DATA FOR THE TASK:
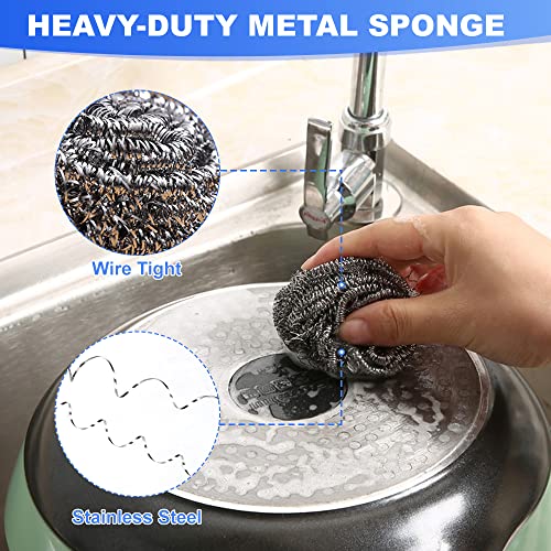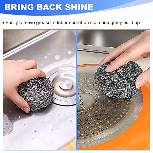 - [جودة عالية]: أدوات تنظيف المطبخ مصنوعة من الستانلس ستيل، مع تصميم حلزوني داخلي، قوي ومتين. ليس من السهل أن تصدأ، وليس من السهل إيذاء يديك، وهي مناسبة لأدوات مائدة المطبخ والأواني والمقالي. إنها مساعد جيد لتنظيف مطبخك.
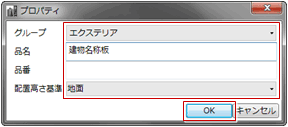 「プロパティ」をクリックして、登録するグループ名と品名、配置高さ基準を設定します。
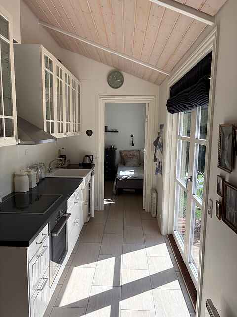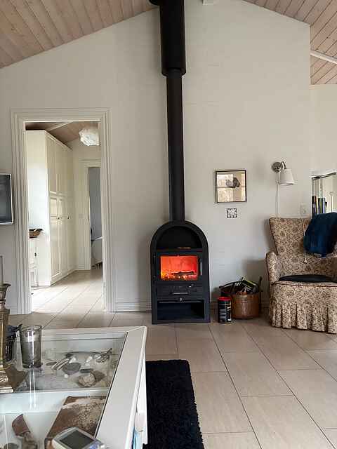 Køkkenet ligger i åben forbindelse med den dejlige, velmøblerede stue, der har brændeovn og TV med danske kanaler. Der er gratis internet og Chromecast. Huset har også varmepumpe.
* * *
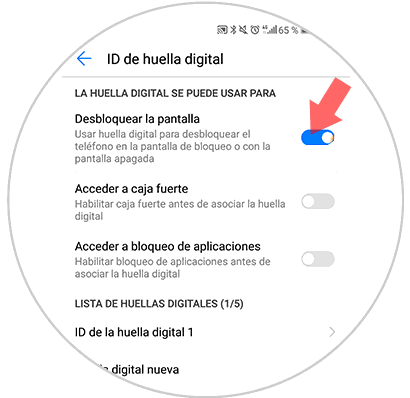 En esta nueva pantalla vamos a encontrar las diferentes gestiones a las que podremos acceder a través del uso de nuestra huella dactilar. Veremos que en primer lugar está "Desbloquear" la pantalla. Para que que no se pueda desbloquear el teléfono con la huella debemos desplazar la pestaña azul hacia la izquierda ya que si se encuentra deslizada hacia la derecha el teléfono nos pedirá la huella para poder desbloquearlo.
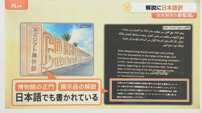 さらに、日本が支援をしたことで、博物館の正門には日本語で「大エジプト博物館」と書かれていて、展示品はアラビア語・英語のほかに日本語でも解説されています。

EXERCISE DIRECTIONS: Word for word, retype the lines in the entries above that run from the one with "- [جودة عالية]: أدوات" through the one with "Køkkenet ligger i". Both ends count; pictures do not.

OUTPUT OF THE TASK:
 - [جودة عالية]: أدوات تنظيف المطبخ مصنوعة من الستانلس ستيل، مع تصميم حلزوني داخلي، قوي ومتين. ليس من السهل أن تصدأ، وليس من السهل إيذاء يديك، وهي مناسبة لأدوات مائدة المطبخ والأواني والمقالي. إنها مساعد جيد لتنظيف مطبخك.
 「プロパティ」をクリックして、登録するグループ名と品名、配置高さ基準を設定します。
 Køkkenet ligger i åben forbindelse med den dejlige, velmøblerede stue, der har brændeovn og TV med danske kanaler. Der er gratis internet og Chromecast. Huset har også varmepumpe.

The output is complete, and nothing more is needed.